The two halves of Quiet River of Dust are meant to represent each side of that river. There is a thematic and sonic consistency throughout: the sensation of standing in that river, of “having an ecstatic experience in nature,” says Parry, “when you transcend your physical form and you just don’t know what you are or where you belong.” Hence the song, “I Was in the World, Was the World in Me?” Both volumes of Quiet River of Dust bleed into one another, by design. “It feels like a multi-sided die to me,” says Parry. “It’s all the same song, just a different prismatic view into this song world.”

The music owes debts to that of his father, but Parry didn’t want to write in a traditional British Isles folk style. Nor did he want to create the kind of pop songs to which tens of thousands of people could sing along, as he does with Arcade Fire. That band’s landmark 2004 debut, Funeral, made a grandiose statement through big, bold gestures; Quiet River of Dust does the same, with vertical layers of sonic architecture, but with the inverse approach: small, soft and gentle, though just as grand. Parry wanted to create a tangible aural garden of rapturous colours that invite exploration, an immersive experience.

Three touchstones while recording were the work of avant-garde cellist and songwriter Arthur Russell, the Orb’s Live ’93 album, and Tom Waits’s Bone Machine—the latter mixed by Tchad Blake, who welcomed Parry’s invitation to mix parts of this record. Other guests include Parry’s partner Laurel Sprengelmeyer of Little Scream, Stef Schneider of Bell Orchestre, Dallas Good of the Sadies, Yuka Honda of Cibo Matto, Amedeo Pace from Blonde Redhead, and The National’s Aaron and Bryce Dessner, who first urged Parry to perform this music live in 2012 at an All Tomorrow’s Parties in the U.K. For a musician raised in a musical family and environment, collaboration and community are essential parts of the process.

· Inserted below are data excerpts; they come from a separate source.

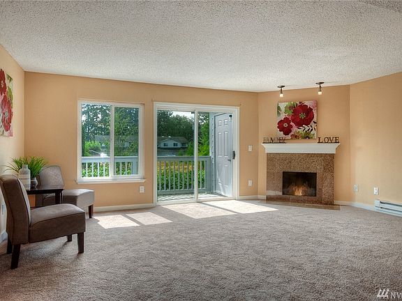 Commuters dream! Nestled away from the main roads yet convenient location to Boeing Everett plant & shopping. Ready to move in with fresh paint & carpet! Stylishly updated townhouse with two bedrooms & two baths. Kitchen has granite tile counters, newer cabinets, a pantry & all appliances stay. Both bathrooms have been updated with vanities, tile counters & backsplash. Wood burning fireplace, stackable washer & dryer, & a nice sized balcony with storage. Fenced Dog area & a play area on site
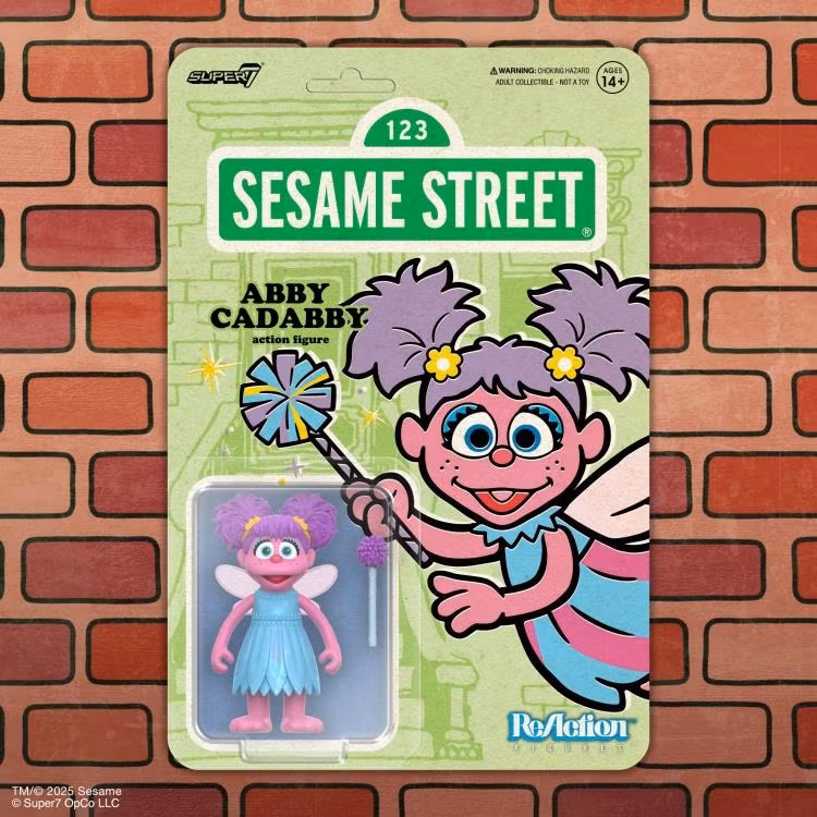 Poof! Just like magic, Abby Cadabby is here as a Super7 ReAction Figure. Inspired by the playful and imaginative fairy-in-training from Sesame Street, this collectible is full of magical details, right down to the iridescent shine on her blue dress and her clear, tinted wings. This 3.75” scale figure has five points of articulation and comes with a “pom-pom” topped wand. The blister card packaging also features original artwork, influenced by the Sesame Street setting. A must-have for Sesame Street fans, this Abby Cadabby ReAction Figure is the perfect way to add an extra bit of charm to your collection.
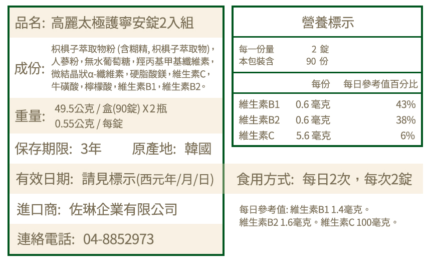 高麗太極護寧安錠 90錠*2瓶禮盒
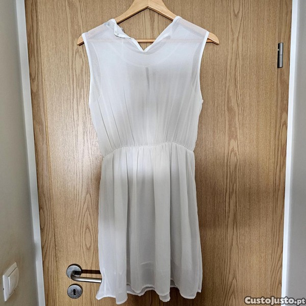 Vestido branco da marca Red Queen, estilo manga à cava, que dá quase até aos joelhos. Está praticamente novo, nunca foi usado. Bonito para usar no Verão em diversas ocasiões. Com ligeiro decote nas costas. Tem folho no interior, por isso não é transparente. Tanto veste M como L. Material: 100% poliéster.
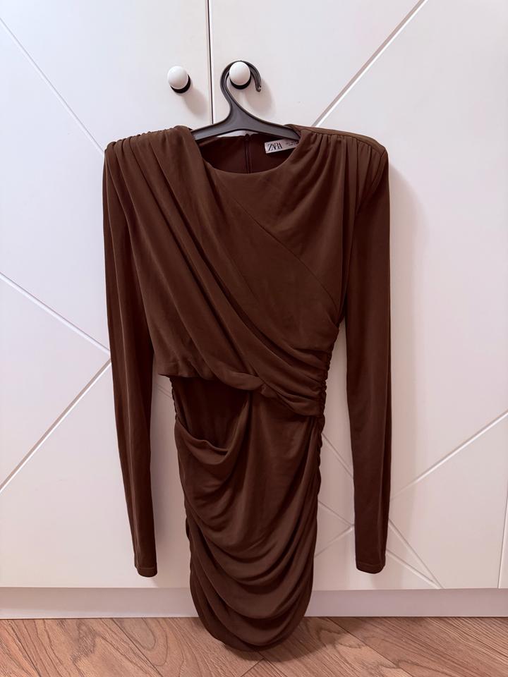 Шоколадное платье Zara. В идеальном состоянии. Размер L , но подходит и на М Артикул: 427658
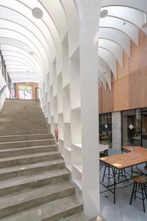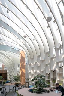 隨著時(shí)間與陽光的變化與強(qiáng)弱,讓這個(gè)空間中有如下著一場“光之雨”,如雨般灑落的光線,激發(fā)出無數(shù)的創(chuàng)意火花。提供使用者一個(gè)能隨著天窗外陰晴一起呼吸的工作環(huán)境,而光線就像是“靈感的原點(diǎn)”,提供人們源源不斷的新意!
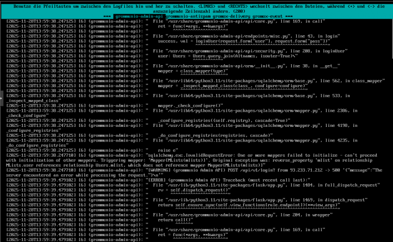 Skyline328 Hi, i do a fresh install of grommunio and try to login to htttps://fqdn.de:8443 and got the error message "The server encountered an error while processing the request." In the Log Files i see somethink like this: any ideas? thanks!
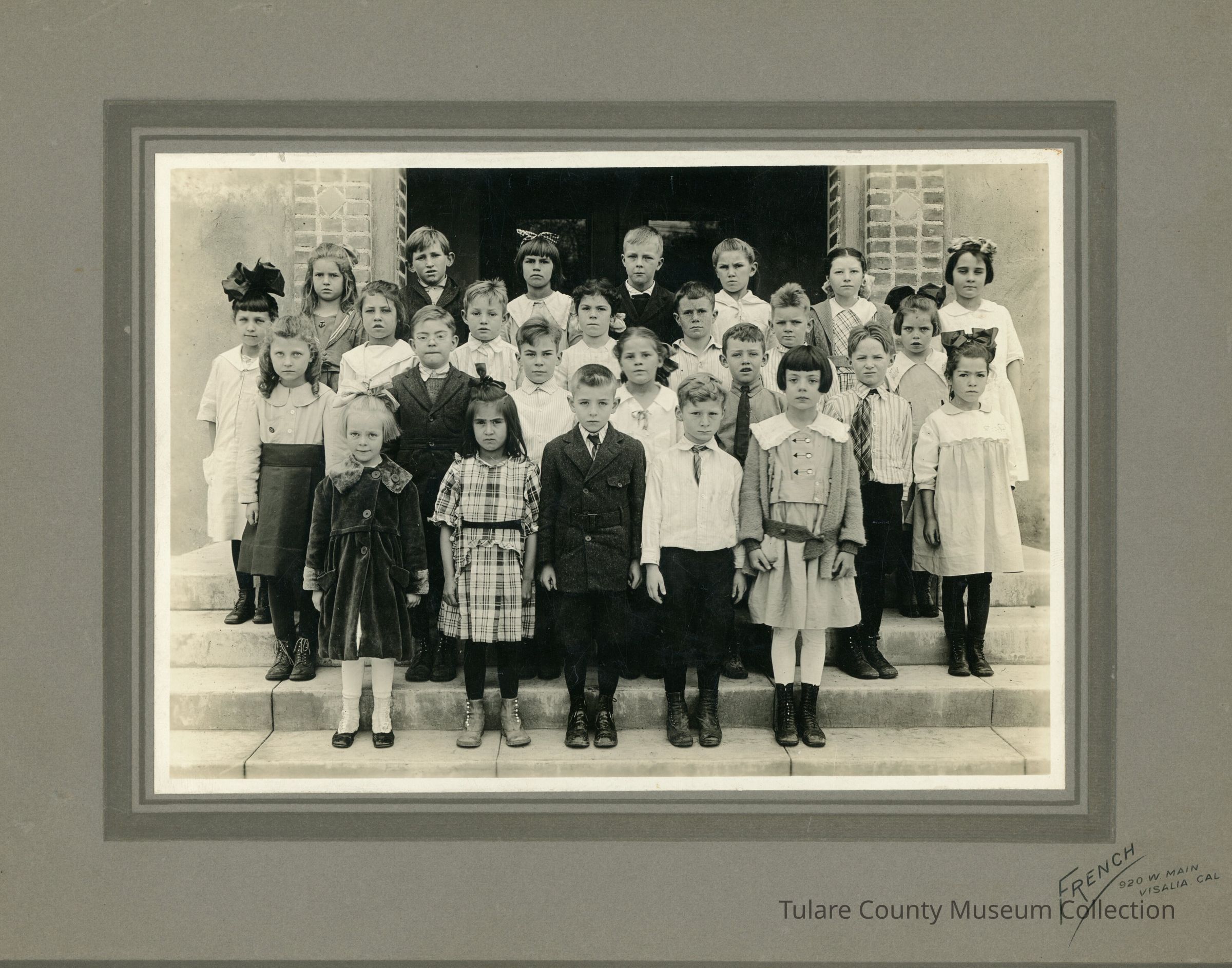 (1) School class portrait against gray cardboard backig with French 920 W. Main Visalia, Cal. insignia. Irene Louise Eward 3rd row up on the far left with large black bow in hair age 7 years 2nd grade Highland School.Lexicon

Parry will launch Vol. 1 in Montreal with a residency in a planetarium-like dome in Montreal, the Satosphere, with half-animated films creating a “floating world” around the performers and audience, he says. After that, “I want to play interesting places where it feels there is space for this. I feel not like taking it to loud places, but to quiet places. I’m very curious about who this music is going to find.”

Maybe even those ghosts in the Japanese forest will hear the result of the journey they inspired.

Bio by Michael Barclay, the author of ‘The Never-Ending Present: The Story of Gord Downie and the Tragically Hip’.